Construction Keying: Builder Keys and Move-In Rekeys
Construction keying lets builders use one key across many new homes, then retire that access when the owner moves in. Small balls, wafers, or spacers in pin stacks accept a construction bitting until the homeowner's key captures the spacers in extra plug holes on first use.
Schlage and other brands drill dedicated construction holes in plugs for this purpose — common in subdivision rollouts where carpenters and painters need repeated entry.
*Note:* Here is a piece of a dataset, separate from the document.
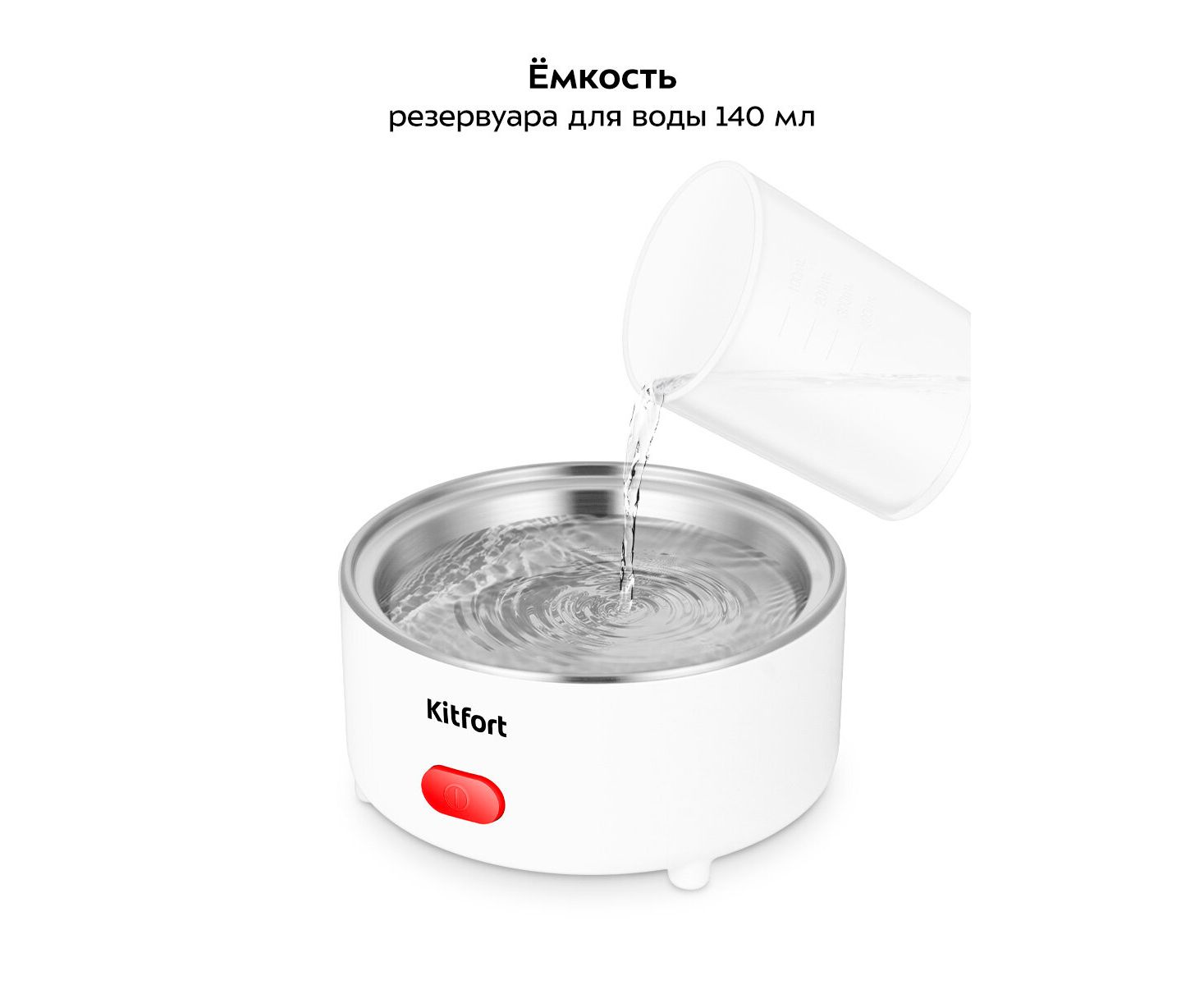 В корпусе яйцеварки находится резервуар для воды ёмкостью 140 мл. Мерный стакан поможет налить вам точное количество воды в резервуар для воды. Заполнять резервуар необходимо в соответствии с таблицей в инструкции.

How Construction Keying Works
Construction keys align pins with spacers included. When the owner key turns, spacers ride into side chambers milled in the plug, changing the effective bitting so the construction key no longer operates. One visit rekeys every cylinder in the door without disassembly.
Field Use
General contractors distribute a neighborhood master during framing and finish work. Homeowners receive permanent keys at closing. Locksmiths verify construction elements are fully captured during first owner operation.
Security Risks
Measuring owner key depths plus spacer thickness can reveal construction bitting. Attackers who understand the builder's pinning chart may derive keys that still open sibling homes — a known concern in large tracts using identical pinning.
Relation to Master Keying
Construction keying is temporary hierarchy, not ongoing master systems. See master keying and rekeying for permanent commercial hierarchies.
Locksmith Practice
Technicians confirm spacer capture after closing, replace cores if construction keys circulate too long, and document when subdivisions share bitting patterns that warrant post-move rekeys.